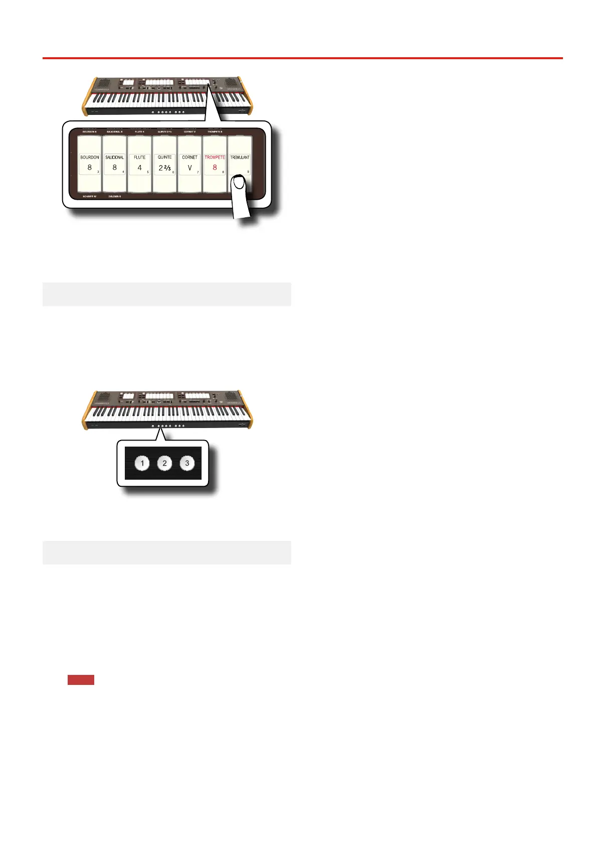 1. Press and hold the lower part of the [TREMULANT] tilt tab
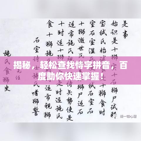 在信息化时代,我们经常需要查找生僻字的读音和含义,本文将为您揭秘如何轻松使用百度搜索工具“百度一下”来查询汉字“恃”的拼音,让您在浩瀚的字海中畅游,轻松掌握每一个字的读音!
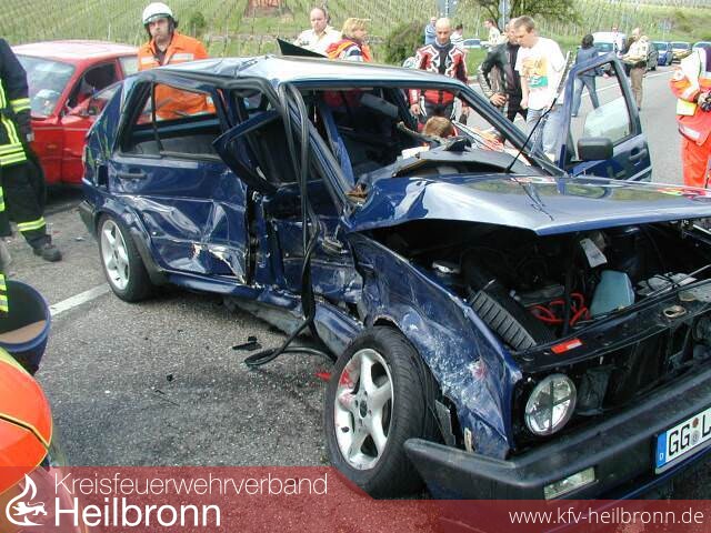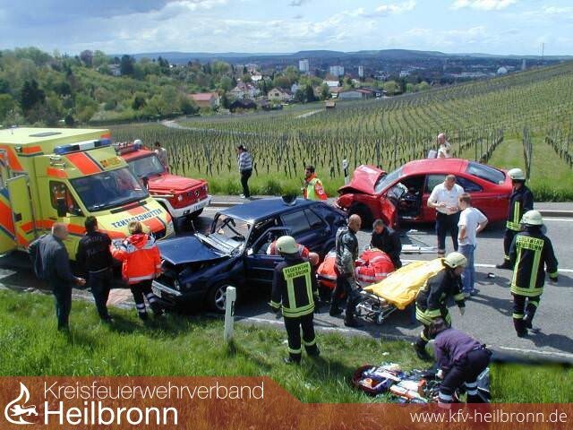 Ein aus Richtung Heilbronn kommender Golf Fahrer kam aus noch ungeklärter Ursache ins Schleudern, geriet in den Gegenverkehr und prallte dort gegen einen entgegenkommenden Mazda. Auf die beiden verunfallten Fahrzeuge fuhr anschließend der Lenker eines Motorrades auf.
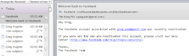 But wait -- I then went back to by notebook once again and opened up my web browser, and tried to log back into Facebook. I expected to see the same screen shown directly above, but instead was surprise to see my Facebook profile page! Within seconds, an email arrived from Facebook, again welcoming me back to Facebook. The only problem is, I never clicked on the Cancel Request button to tell Facebook I wanted to cancel the deletion of my account.
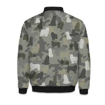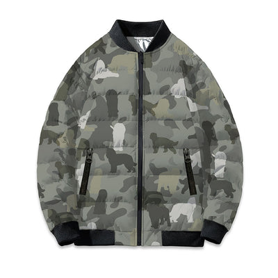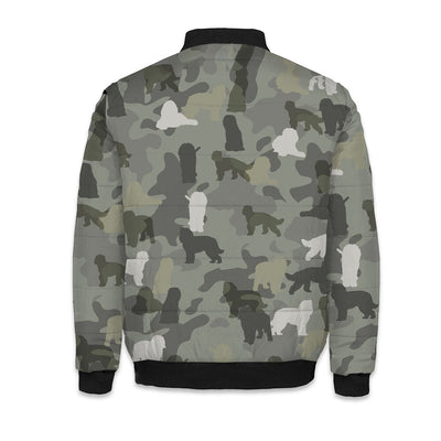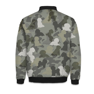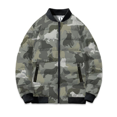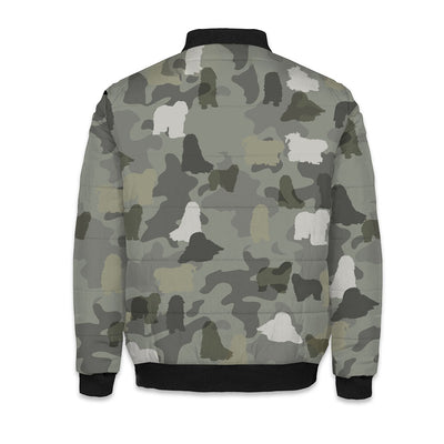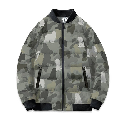 Bearded Collie Camo Puffer Bomber Jacket - Warm Winter Coat For Dog Lover
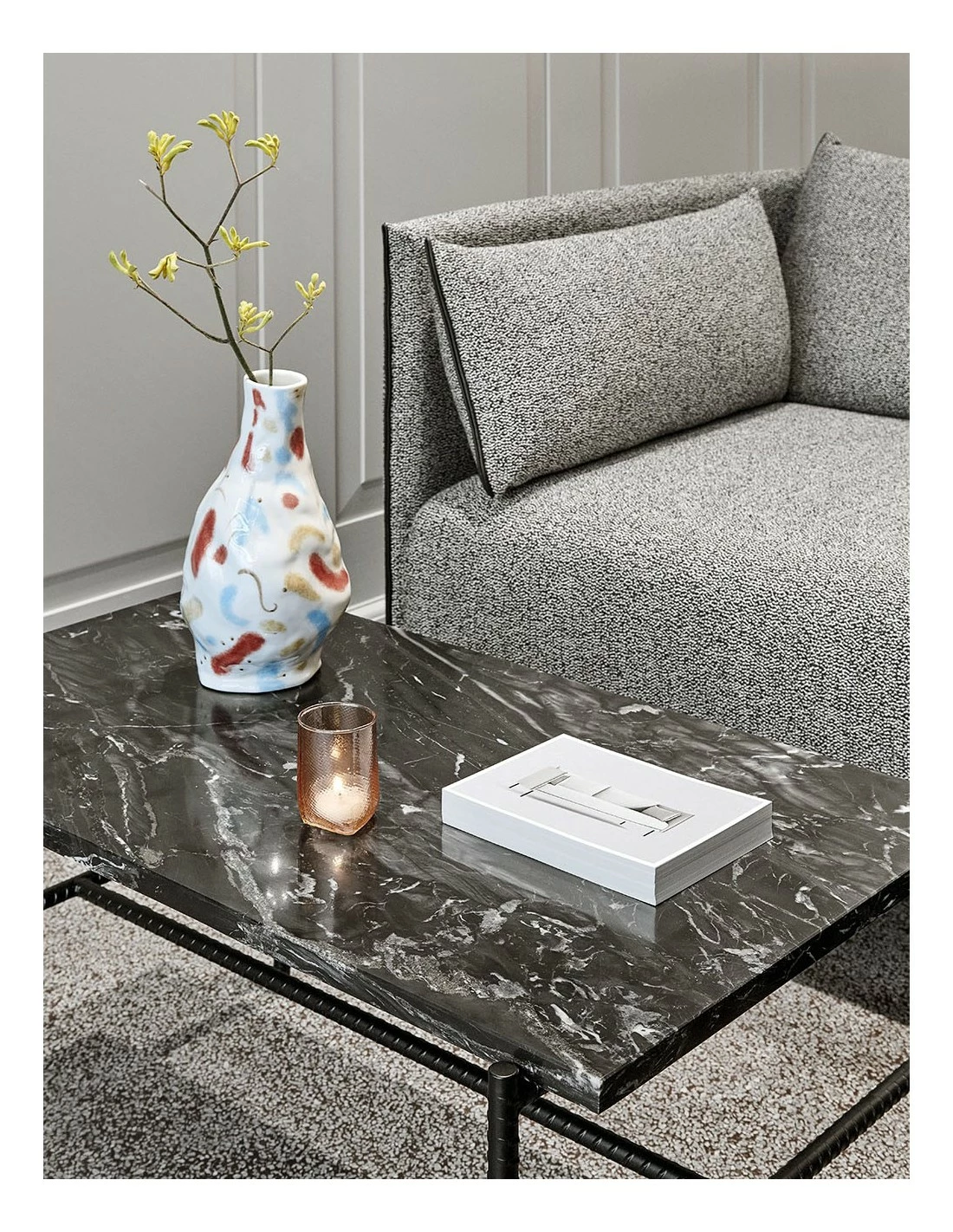 Mesa de centro de HAY.dk realizada en mármol con estructura de acero reforzado

**Assigned task:** The answer must consist only of the lines from the beginning of the entries above through the line that holds "Ein aus Richtung", reproduced exactly and without pictures.

**Answer space:**
 1. Press and hold the lower part of the [TREMULANT] tilt tab
 在信息化时代,我们经常需要查找生僻字的读音和含义,本文将为您揭秘如何轻松使用百度搜索工具“百度一下”来查询汉字“恃”的拼音,让您在浩瀚的字海中畅游,轻松掌握每一个字的读音!
 Ein aus Richtung Heilbronn kommender Golf Fahrer kam aus noch ungeklärter Ursache ins Schleudern, geriet in den Gegenverkehr und prallte dort gegen einen entgegenkommenden Mazda. Auf die beiden verunfallten Fahrzeuge fuhr anschließend der Lenker eines Motorrades auf.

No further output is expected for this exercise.